Ethanol Use at Indycar Race in São Paulo Means Eight Ton Reduction in CO2 Emissions
São Paulo (March 13, 2010) —This Sunday, the equivalent of eight tons of carbon dioxide (CO2) will not make it to the atmosphere, thanks to the use of sugarcane ethanol in the cars competing at the “São Paulo Indy 300,” the opening race of the 2010 IZOD IndyCar season.
The finding is in a report prepared by the Brazilian Sugarcane Industry Association (UNICA), requested by Brazilian President Luiz Inácio Lula da Silva. He made the request on February 2, during a visit by UNICA President and CEO Marcos Jank, with top executives from the Indy Racing League, Brazil’s Federal Export Development Agency (Apex-Brasil) and the Bandeirantes Television Network, which holds the rights for IndyCar broadcasts to Brazil.
The report draws a comparison between Indy, which uses ethanol, and gasoline-powered Formula 1. It concludes that the amount of CO2 emissions that will be avoided during the competition in São Paulo thanks to the use of sugarcane ethanol is the equivalent of what would be produced by a fleet of 3,600 automobiles powered by gasoline covering 14 kilometers each.
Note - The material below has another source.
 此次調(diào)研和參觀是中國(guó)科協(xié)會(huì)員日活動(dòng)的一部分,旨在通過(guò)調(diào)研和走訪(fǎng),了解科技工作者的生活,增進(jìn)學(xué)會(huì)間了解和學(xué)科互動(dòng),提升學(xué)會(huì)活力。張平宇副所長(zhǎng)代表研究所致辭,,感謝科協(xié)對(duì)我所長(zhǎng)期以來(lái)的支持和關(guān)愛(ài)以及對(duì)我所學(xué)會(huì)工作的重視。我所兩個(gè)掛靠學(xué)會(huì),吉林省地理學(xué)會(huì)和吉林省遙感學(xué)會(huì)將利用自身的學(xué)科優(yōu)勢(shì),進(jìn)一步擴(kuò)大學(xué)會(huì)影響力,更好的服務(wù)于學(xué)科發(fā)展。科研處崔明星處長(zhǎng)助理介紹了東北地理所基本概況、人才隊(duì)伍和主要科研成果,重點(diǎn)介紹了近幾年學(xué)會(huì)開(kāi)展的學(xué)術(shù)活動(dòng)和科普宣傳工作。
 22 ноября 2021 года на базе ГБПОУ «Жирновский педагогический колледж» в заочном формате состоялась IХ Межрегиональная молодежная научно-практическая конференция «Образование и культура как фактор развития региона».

Production of the document was coordinated by UNICA’s Technology and Emissions Consultant, Alfred Szwarc.
“The numbers show the environmental advantages of using ethanol in IndyCar races compared to gasoline use in Formula 1. The city of São Paulo is certainly thankful that this Sunday’s race will be a sustainable event,” said Szwarc.
To complete the report (full text attached), a number of premises were considered, which include:
- Average fuel consumption by a Formula 1 car of 1.5 kilometer per liter of gasoline;
- Each liter of gasoline (with a 7.5% ethanol blend, as permitted by Formula 1 rules) generating 2.2 kilograms of CO2, discounting the amount avoided because of the blended ethanol;
- The Brazilian Grand Prix Formula 1 race held at Interlagos raceway in São Paulo is approximately 300 kilometers in length, which is about the average distance for most F-1 races, which results in the consumption of 200 liters of gasoline per vehicle per race;
- Each vehicle consumes an additional 50 liters of fuel on practice runs, qualifying and engine warm-ups.
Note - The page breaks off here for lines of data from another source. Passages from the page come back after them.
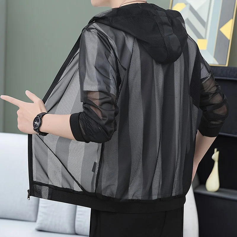 여름용 남성용 자외선 차단 의류 초박형 통기성 얼음 실크 트렌디 패션 자외선 방지 에어컨 재킷 재킷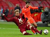 РОСГОССТРАХ Чемпионат России по футболу 2017/2018. 18-й тур. Матч между командами "Рубин" (Казань) и ЦСКА (Москва) прошел на стадионе "Казань Арена". Слева направо: игрок команды ЦСКА Витиньо, игрок команды "Рубин" Егор Сорокин, игрок команды ЦСКА Понтус Вернблум и игрок команды "Рубин" Федор Кудряшов во время матча .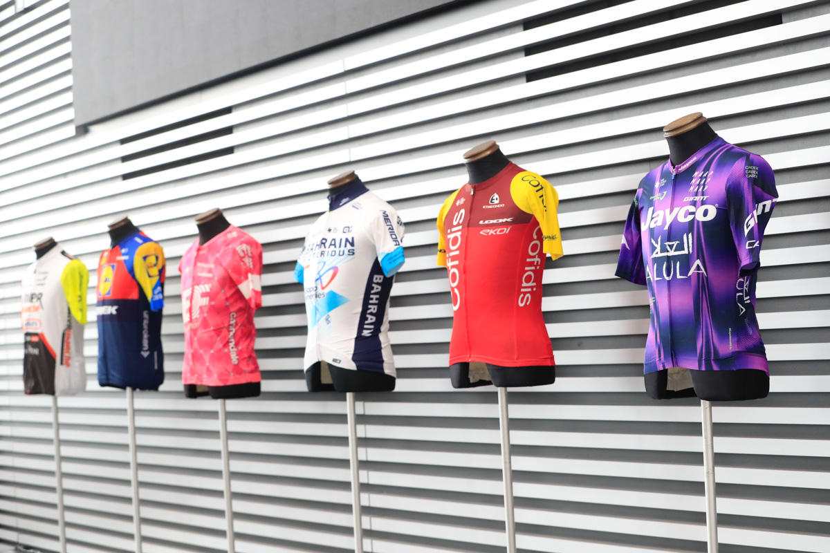 ジャパンカップ2025出場海外ワールドチーム6チームのジャージが並ぶ

According to Szwarc, each Formula 1 vehicle that stays in the race until the checkered flag generates about 550 kilograms of CO2. “If the fuel utilized is exclusively ethanol, the amount of CO2 would drop significantly, to about 55 kilograms, since about 90% of CO2 emissions from ethanol are neutralized by the sugarcane as it grows in the fields, absorbing CO2 as it develops. So the amount of CO2 that would be avoided with ethanol stands at around 495 kilograms of CO2 per car in the race,” concludes Szwarc.